# Starting Imperial Guard



## Ordo Xeno Commander (Jan 17, 2007)

Hey guys, ive finished my first SM army in just over 4 months, well nearly finished and im looking to start an Imperial Guard army.

Im looking for army list tips, painting tips, colour schemes using the following paints :
Boltgun metal
chaos black
skull white
catachan green
desert yellow
blood red
scorpion green
snakebite leather

i want a cityfight camo/normal colour scheme with those paints. any ideas??

basically I need general help as I have very limited experience with IG


----------



## Jacobite (Jan 26, 2007)

Ok first thing's first - have you got the Codex? - if not get it and quickly. That has a lot of color schemes in it. 

In the mean time however check out this link for some sample schemes. I would actually rate this above the codex as it has a step by step process.

http://us.games-workshop.com/games/40k/imperialguard/painting/troopcamo/urban.htm

Rather than confining your scheme to the colors you have - I would really recommend deceiding on your color scheme and then buying your paints.

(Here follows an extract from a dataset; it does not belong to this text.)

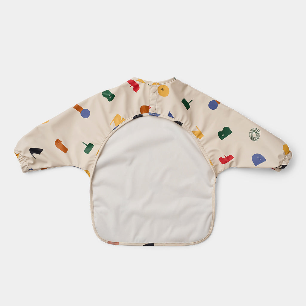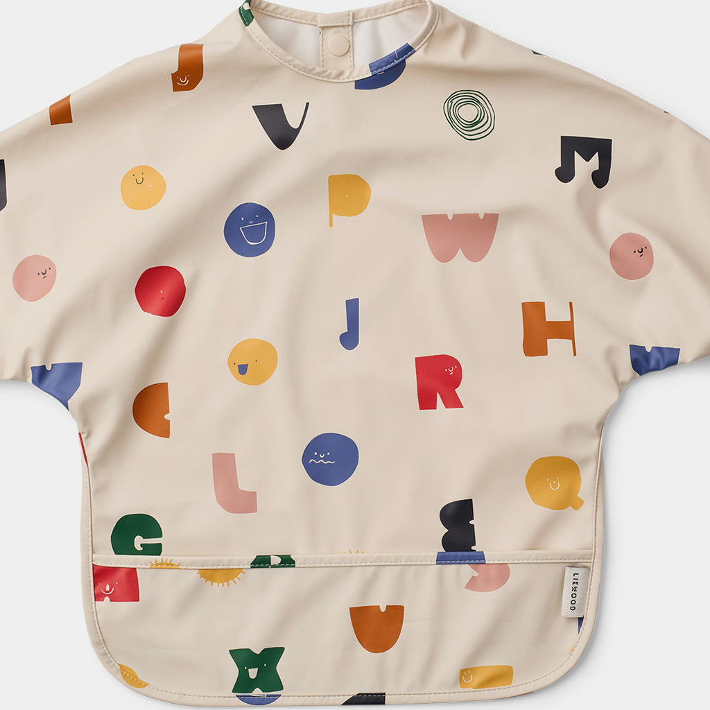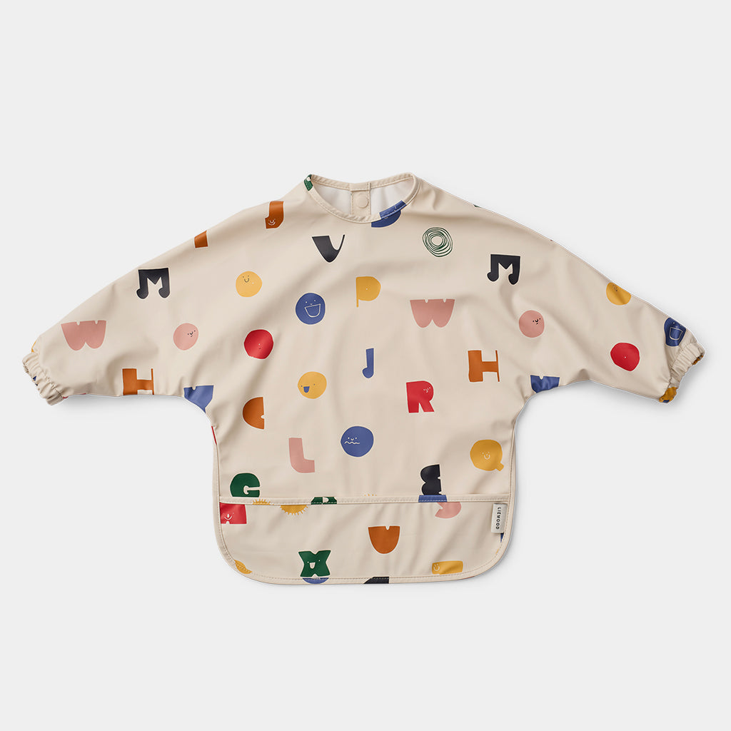Leichtes Ärmellätzchen für Babys und Kleinkinder, die lernen, selbstständig zu essen. Die elastischen Bündchen sorgen für eine perfekte Passform und die Große Vordertasche fängt verschüttetes Essen auf. Hergestellt aus strapazierfähigem, Recyceltem Polyester, ist das Ärmellätzchen leicht zu reinigen und kann für eine kompakte Aufbewahrung zu Hause oder unterwegs zusammengefaltet werden.

Are you going Codex or Doctrines?


----------



## cccp (Dec 15, 2006)

for your IG armour, try looking at these colour schemes ;

http://us.games-workshop.com/games/40k/imperialguard/painting/tanks/camo1.htm

theres about 4 pages of them there. 

f you have/or will soon be getting the IG codex there is a page of different colour schemes in there as well.


----------



## Jacobite (Jan 26, 2007)

Oh yea I can't recommend those tank pages enough. Just leave the Fire Wastes scheme alone its mine :twisted: 

I found the Imperial Gaurd section of the GW sites quiet good which surprised me as the rest of the army pages are quiet pants, so take a look round there.


----------



## cccp (Dec 15, 2006)

iv had a look around for more shizz about quard but i cant find much worthwhile. Do check out the GW pages though there are some good articles on there. 

the only other thing i can think of would be this - there are several members of this forum who play with guard - i do, longbeard and Jez do also. if you need any help with the army then you will definately be able to find an answer. 


off subject a little, i now have a custom rank! woop!


----------



## Ordo Xeno Commander (Jan 17, 2007)

ive alredy got my tank scheme, catachan green with black camo stripes, but it can always change. thanks a lot guys, ill be sure to get that codex and check those sites ASAP, as im in a hurry rite at the moment.


----------



## Viscount Vash (Jan 3, 2007)

Cccp-one:


> the only other thing i can think of would be this - there are several members of this forum who play with guard - i do, longbeard and Jez do also. if you need any help with the army then you will definately be able to find an answer.


Also Herbert, Myself and if you want to get a noobs eye view of Guard wertypop play/paint Guard. So between the six of us that should give you a few minds to milk for info.

The Imperial Armour Volume One Is great for pictures of Vehicle Camo etc but is a bit pricey at £48 from Forge World.
I cannot post Pics from it here due to copyright and all that but have PMed you a couple in the colours you are doing.

Hope that helps VV.


----------



## Ordo Xeno Commander (Jan 17, 2007)

thanks Vash. ill notify you guys as soon as i start my army properly, aka actually get some troops other than a free leman russ (won it at ANZAC day at GW woohoo) and a heavy weapons team. :lol:

again thanks guys


----------